AVAILABLE DATA START

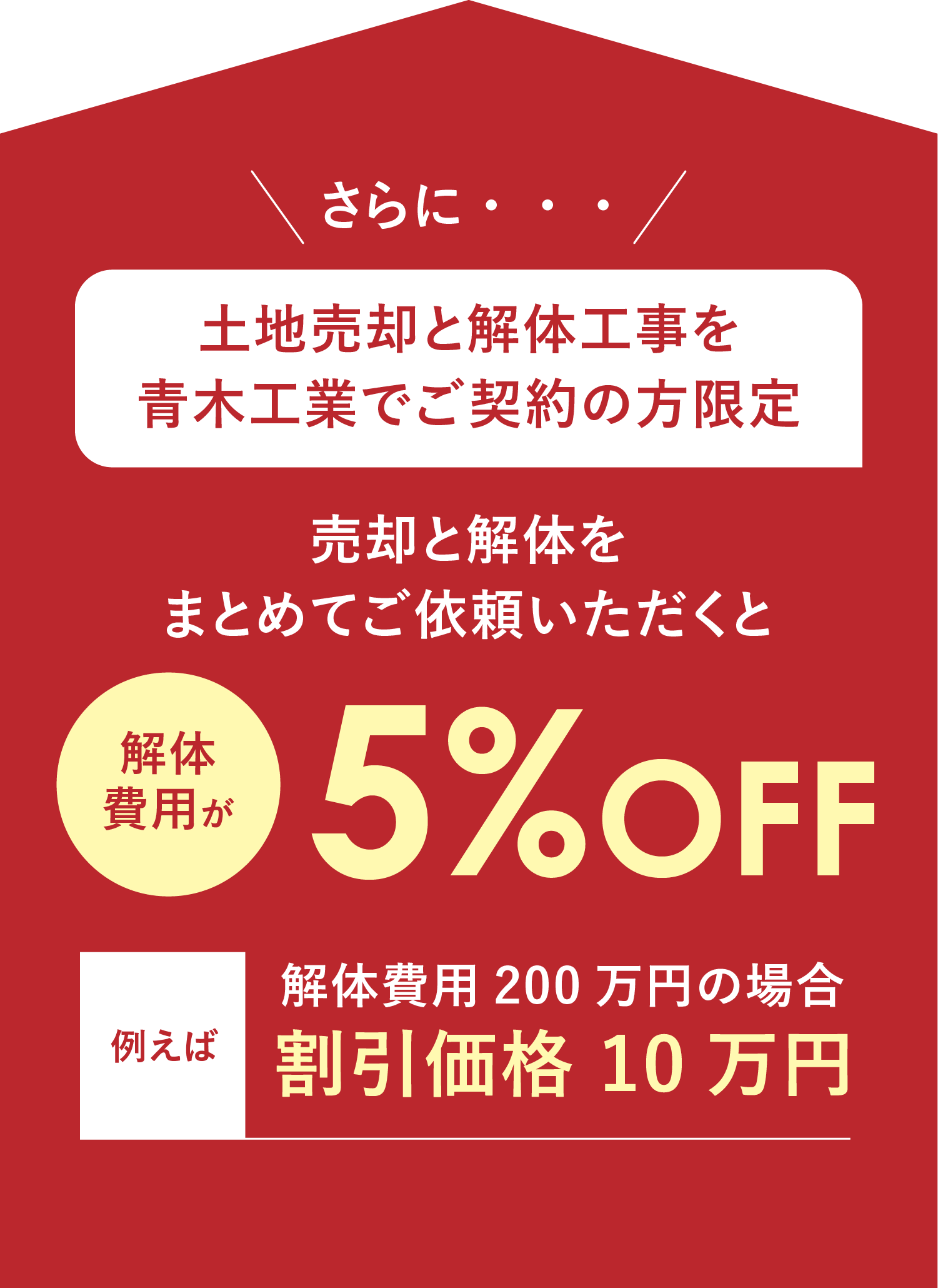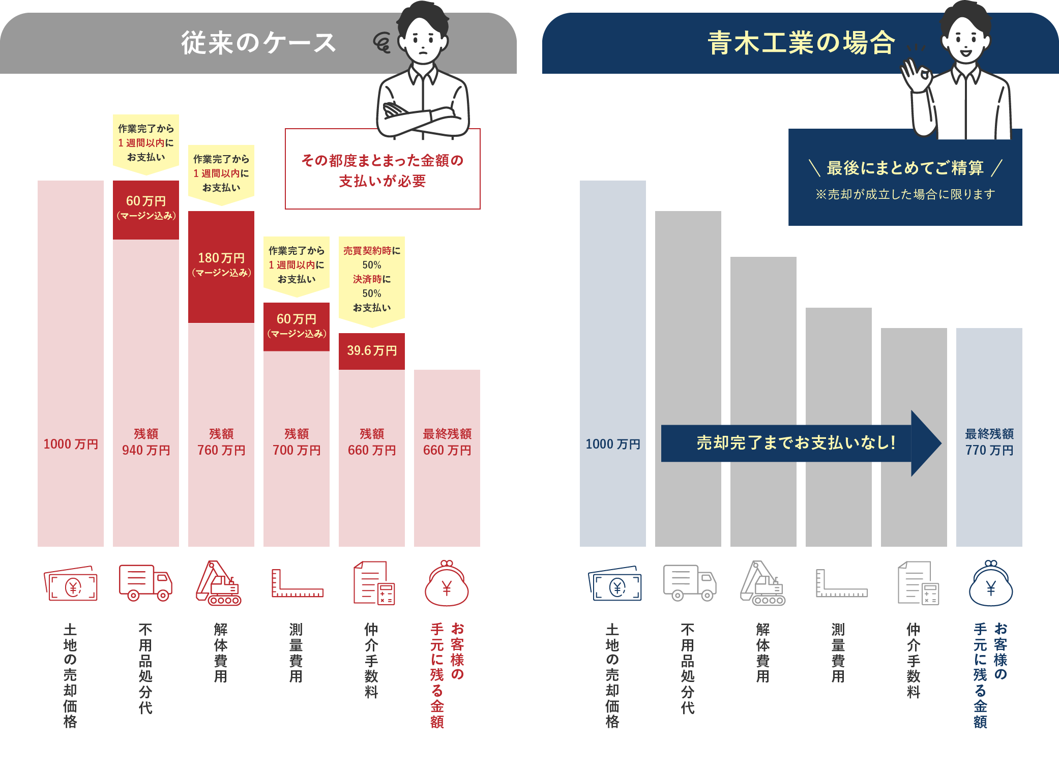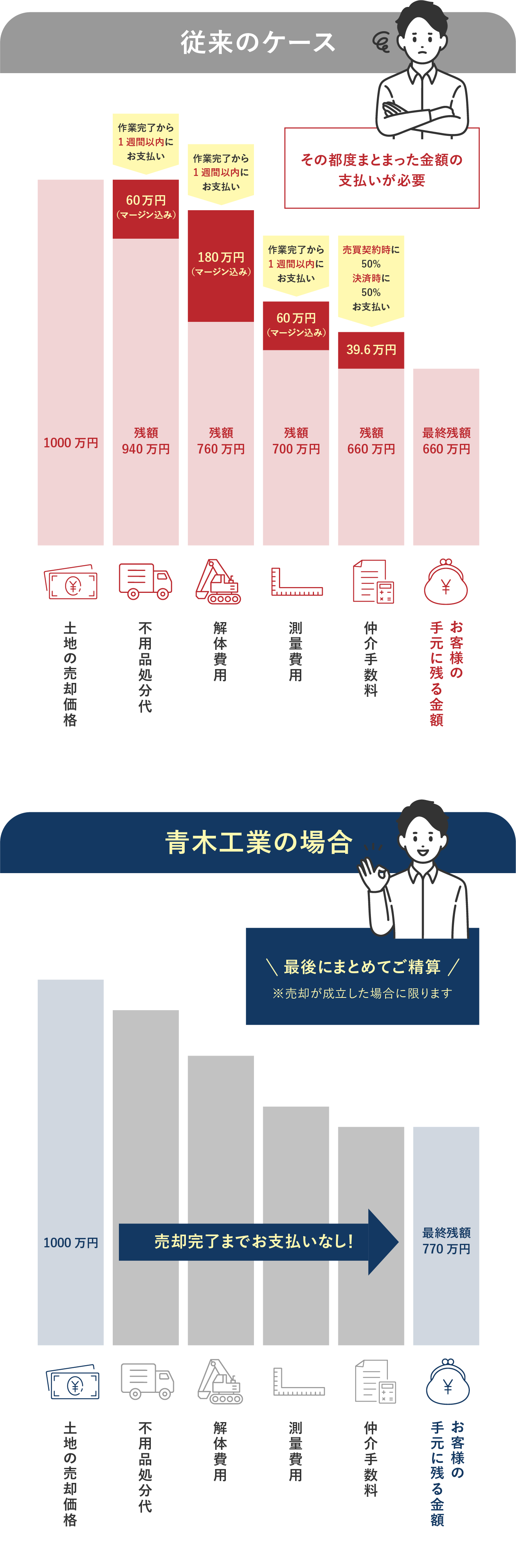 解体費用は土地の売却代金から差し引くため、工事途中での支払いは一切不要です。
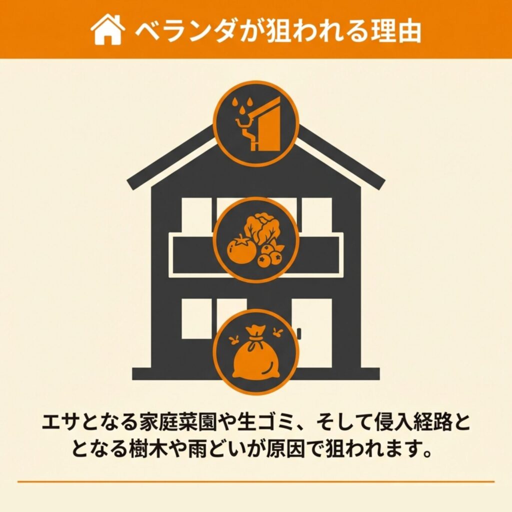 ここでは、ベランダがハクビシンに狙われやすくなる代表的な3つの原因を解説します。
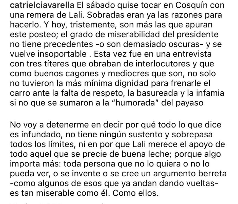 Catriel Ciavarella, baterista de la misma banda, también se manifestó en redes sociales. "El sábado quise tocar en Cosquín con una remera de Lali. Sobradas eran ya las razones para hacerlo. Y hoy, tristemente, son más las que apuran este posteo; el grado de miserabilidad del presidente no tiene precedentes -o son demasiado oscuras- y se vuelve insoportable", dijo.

AVAILABLE DATA END
AVAILABLE DATA START

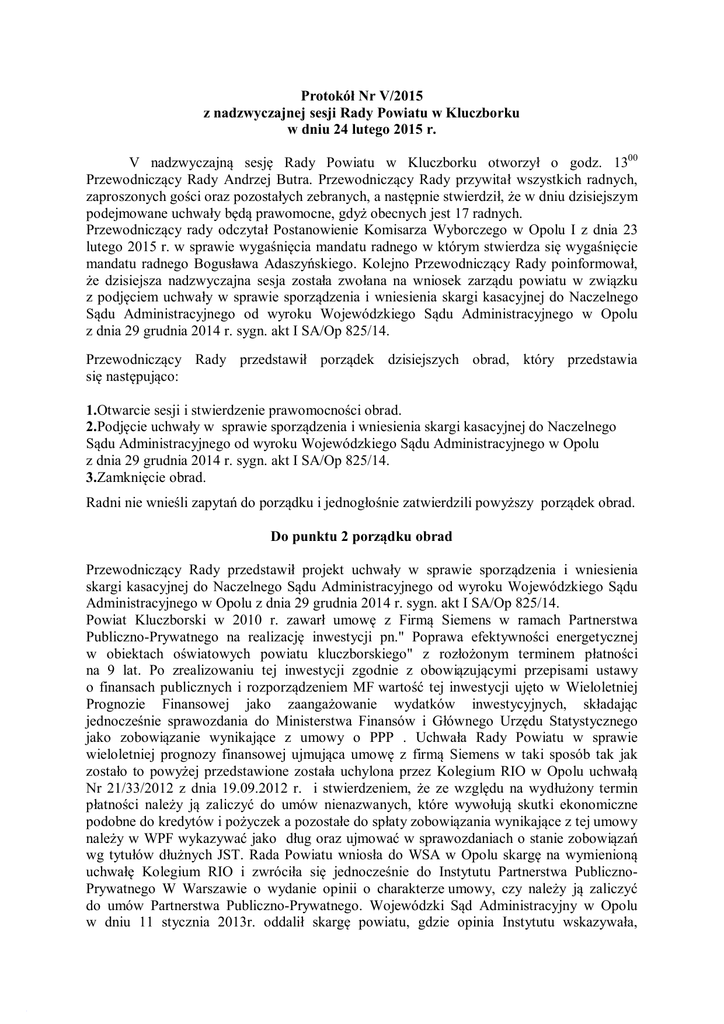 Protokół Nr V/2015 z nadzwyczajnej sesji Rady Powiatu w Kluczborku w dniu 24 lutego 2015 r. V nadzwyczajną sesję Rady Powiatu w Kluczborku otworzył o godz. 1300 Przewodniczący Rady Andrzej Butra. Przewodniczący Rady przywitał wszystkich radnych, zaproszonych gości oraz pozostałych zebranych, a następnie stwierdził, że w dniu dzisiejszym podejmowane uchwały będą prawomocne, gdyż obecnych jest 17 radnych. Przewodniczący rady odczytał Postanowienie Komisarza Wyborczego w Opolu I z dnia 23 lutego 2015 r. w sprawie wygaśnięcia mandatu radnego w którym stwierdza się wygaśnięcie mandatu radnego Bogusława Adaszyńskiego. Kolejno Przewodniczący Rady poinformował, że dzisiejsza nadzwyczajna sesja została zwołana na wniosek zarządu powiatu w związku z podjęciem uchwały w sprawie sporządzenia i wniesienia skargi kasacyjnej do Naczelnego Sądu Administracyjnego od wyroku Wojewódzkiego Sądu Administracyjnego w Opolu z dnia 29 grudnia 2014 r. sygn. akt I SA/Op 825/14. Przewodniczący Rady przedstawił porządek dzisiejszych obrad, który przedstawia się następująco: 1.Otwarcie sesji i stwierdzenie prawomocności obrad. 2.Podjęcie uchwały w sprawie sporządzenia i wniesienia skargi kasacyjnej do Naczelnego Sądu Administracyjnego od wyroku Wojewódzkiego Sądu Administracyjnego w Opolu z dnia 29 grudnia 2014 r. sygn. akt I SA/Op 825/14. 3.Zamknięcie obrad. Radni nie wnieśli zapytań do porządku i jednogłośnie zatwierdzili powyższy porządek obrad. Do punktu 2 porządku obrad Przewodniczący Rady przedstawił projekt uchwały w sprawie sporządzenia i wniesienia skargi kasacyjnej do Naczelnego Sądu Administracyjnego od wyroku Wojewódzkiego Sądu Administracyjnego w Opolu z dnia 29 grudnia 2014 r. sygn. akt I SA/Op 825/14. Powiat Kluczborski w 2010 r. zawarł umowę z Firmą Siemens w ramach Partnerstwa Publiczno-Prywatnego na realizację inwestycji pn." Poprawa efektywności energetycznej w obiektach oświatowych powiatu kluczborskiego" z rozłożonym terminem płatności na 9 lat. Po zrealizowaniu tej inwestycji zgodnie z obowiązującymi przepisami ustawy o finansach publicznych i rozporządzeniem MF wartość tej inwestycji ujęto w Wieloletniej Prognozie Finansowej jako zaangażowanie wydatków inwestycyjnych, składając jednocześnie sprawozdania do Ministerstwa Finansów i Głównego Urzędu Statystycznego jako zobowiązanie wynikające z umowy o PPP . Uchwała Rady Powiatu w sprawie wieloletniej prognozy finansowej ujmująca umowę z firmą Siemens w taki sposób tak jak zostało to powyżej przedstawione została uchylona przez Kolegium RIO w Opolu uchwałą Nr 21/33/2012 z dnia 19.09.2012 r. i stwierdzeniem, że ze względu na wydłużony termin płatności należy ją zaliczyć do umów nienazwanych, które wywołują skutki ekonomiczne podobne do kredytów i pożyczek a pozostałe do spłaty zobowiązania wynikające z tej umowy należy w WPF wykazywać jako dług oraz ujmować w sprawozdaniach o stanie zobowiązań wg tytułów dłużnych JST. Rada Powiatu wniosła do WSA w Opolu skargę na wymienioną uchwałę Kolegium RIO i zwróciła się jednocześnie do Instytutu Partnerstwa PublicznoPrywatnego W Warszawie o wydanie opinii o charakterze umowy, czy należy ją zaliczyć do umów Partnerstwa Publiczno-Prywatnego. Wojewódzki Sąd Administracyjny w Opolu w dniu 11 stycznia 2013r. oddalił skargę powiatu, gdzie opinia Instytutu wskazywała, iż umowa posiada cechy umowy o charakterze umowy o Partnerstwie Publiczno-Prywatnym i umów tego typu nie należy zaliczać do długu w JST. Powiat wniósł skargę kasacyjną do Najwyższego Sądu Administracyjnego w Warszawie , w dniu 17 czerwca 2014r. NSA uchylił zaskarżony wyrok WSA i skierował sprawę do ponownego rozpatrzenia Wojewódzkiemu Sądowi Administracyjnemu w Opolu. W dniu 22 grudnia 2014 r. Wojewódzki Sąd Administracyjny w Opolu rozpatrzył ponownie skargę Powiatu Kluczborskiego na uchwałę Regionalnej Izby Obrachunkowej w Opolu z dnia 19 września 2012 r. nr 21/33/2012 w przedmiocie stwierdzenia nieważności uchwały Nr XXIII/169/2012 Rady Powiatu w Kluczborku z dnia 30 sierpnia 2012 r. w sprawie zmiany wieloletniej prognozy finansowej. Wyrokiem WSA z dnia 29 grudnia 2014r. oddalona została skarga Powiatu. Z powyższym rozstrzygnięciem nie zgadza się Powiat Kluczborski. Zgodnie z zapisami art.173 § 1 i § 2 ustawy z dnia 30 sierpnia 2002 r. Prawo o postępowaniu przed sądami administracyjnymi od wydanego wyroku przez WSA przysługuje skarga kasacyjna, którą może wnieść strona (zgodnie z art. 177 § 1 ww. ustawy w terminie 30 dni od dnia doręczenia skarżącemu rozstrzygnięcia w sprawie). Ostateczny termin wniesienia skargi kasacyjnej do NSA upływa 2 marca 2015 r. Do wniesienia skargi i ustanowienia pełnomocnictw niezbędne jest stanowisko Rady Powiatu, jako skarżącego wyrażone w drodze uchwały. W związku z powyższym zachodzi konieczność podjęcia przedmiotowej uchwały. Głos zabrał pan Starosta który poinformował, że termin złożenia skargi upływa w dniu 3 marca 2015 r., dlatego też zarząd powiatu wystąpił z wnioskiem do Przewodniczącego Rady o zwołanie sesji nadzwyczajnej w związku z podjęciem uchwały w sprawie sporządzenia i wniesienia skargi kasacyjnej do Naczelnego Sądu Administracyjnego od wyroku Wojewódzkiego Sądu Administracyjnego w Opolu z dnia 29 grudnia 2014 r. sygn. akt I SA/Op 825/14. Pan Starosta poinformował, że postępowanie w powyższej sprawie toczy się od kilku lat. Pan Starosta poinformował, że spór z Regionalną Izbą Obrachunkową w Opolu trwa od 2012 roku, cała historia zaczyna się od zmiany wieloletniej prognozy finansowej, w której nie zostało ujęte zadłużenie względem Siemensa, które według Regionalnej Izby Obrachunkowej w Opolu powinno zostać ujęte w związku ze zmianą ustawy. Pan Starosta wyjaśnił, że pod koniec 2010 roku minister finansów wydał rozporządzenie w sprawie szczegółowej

AVAILABLE DATA END

» WHAT IS NEEDED:
Everything above from the line containing "解体費用は土地の売却代金から差し引くため、工事途中での支払いは一切不要です。" through the line containing "Catriel Ciavarella, baterista" must be repeated exactly, and the pictures must be left out.

» RESULT:
 解体費用は土地の売却代金から差し引くため、工事途中での支払いは一切不要です。
 ここでは、ベランダがハクビシンに狙われやすくなる代表的な3つの原因を解説します。
 Catriel Ciavarella, baterista de la misma banda, también se manifestó en redes sociales. "El sábado quise tocar en Cosquín con una remera de Lali. Sobradas eran ya las razones para hacerlo. Y hoy, tristemente, son más las que apuran este posteo; el grado de miserabilidad del presidente no tiene precedentes -o son demasiado oscuras- y se vuelve insoportable", dijo.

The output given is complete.